Abstract
Purpose
Psychiatry still needs objective biomarkers. In the context of schizophrenia, there are speech abnormalities such as tangentiality, derailment, alogia, neologisms, poverty of speech, and aprosodia. There is a growing interest in speech signals features as possible indicators of schizophrenia. This article aims to develop an intelligent tool for detection of schizophrenia using vocal patterns and machine learning techniques. The main advantages of this type of solution are the low cost, high performance, and for being non-invasive.
Methods
Thirty-one individuals over 18 years old were selected, 20 with previous diagnosis of schizophrenia, and 11 healthy controls. Their speech was audio-recorded in naturalistic settings, during a routine medical assessment for psychiatric patients. In the case of healthy patients, the recordings were made in different environments. Recordings were pre-processed, excluding non-participant voices. We extracted 33 features. We used the particle swarm optimization algorithm for feature selection.
Results
The classifiers’ performance was analyzed with four metrics: accuracy, sensibility, specificity, and kappa index.
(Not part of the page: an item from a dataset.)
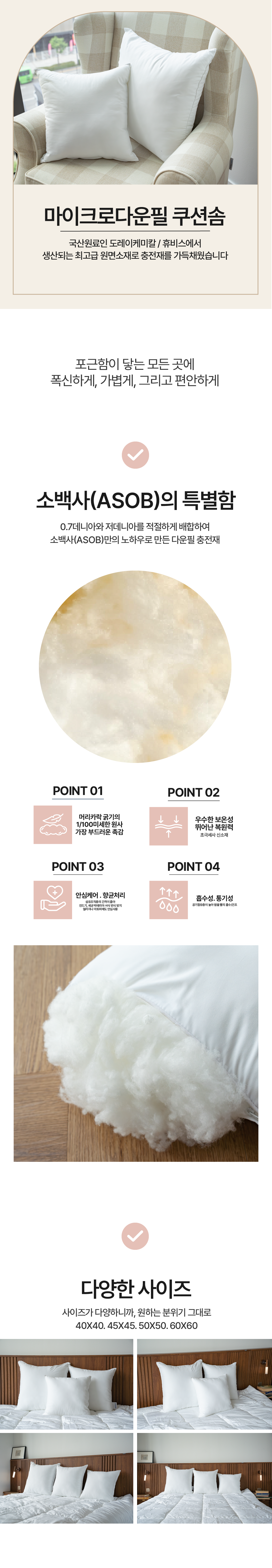 프리미엄 마이크로화이바 다운필 쿠션솜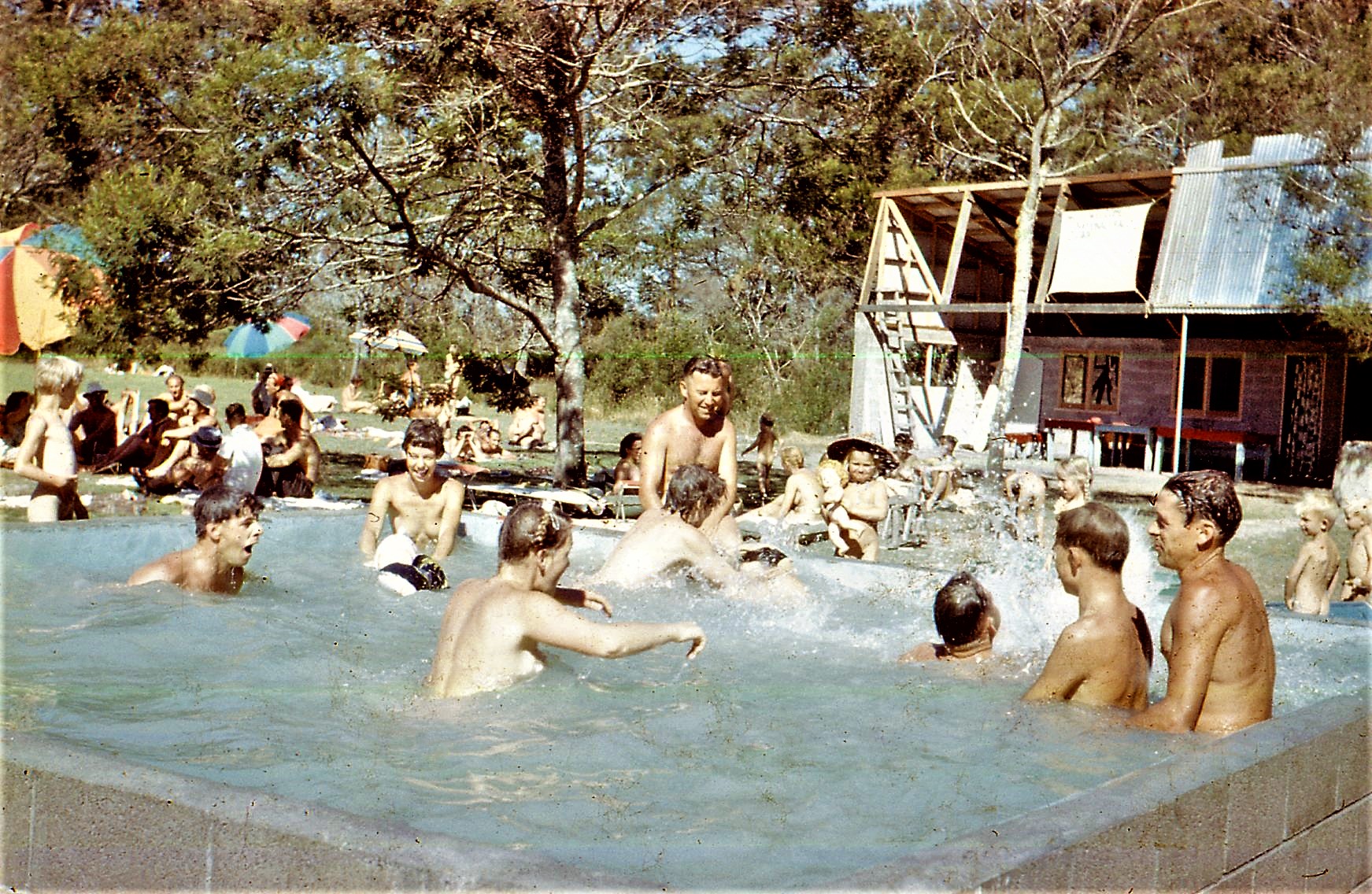 In the interim a small concrete block pool was established : about where the sauna now stands and this was used for a few seasons principally for the 1960 NZNF rally which was held on the grounds and from this venture, to which many club members came from around the country, we were well on the way with funds to clear some of the clubs’ mortgage and look toward a  more prosperous future.

Best results were achieved when considering all 33 extracted features. Within machine models, support vector machines (SVM) models provided the greatest classification performance, with mean accuracy of 91.76% for PUK kernel. Our results outperform those from most studies published so far for the detection of schizophrenia based on acoustic patterns.
Conclusion
The use of machine learning classifiers using vocal parameters, in particular SVM, has shown to be very promising for the detection of schizophrenia. Nevertheless, further experiments with a larger sample will be necessary to validate our findings.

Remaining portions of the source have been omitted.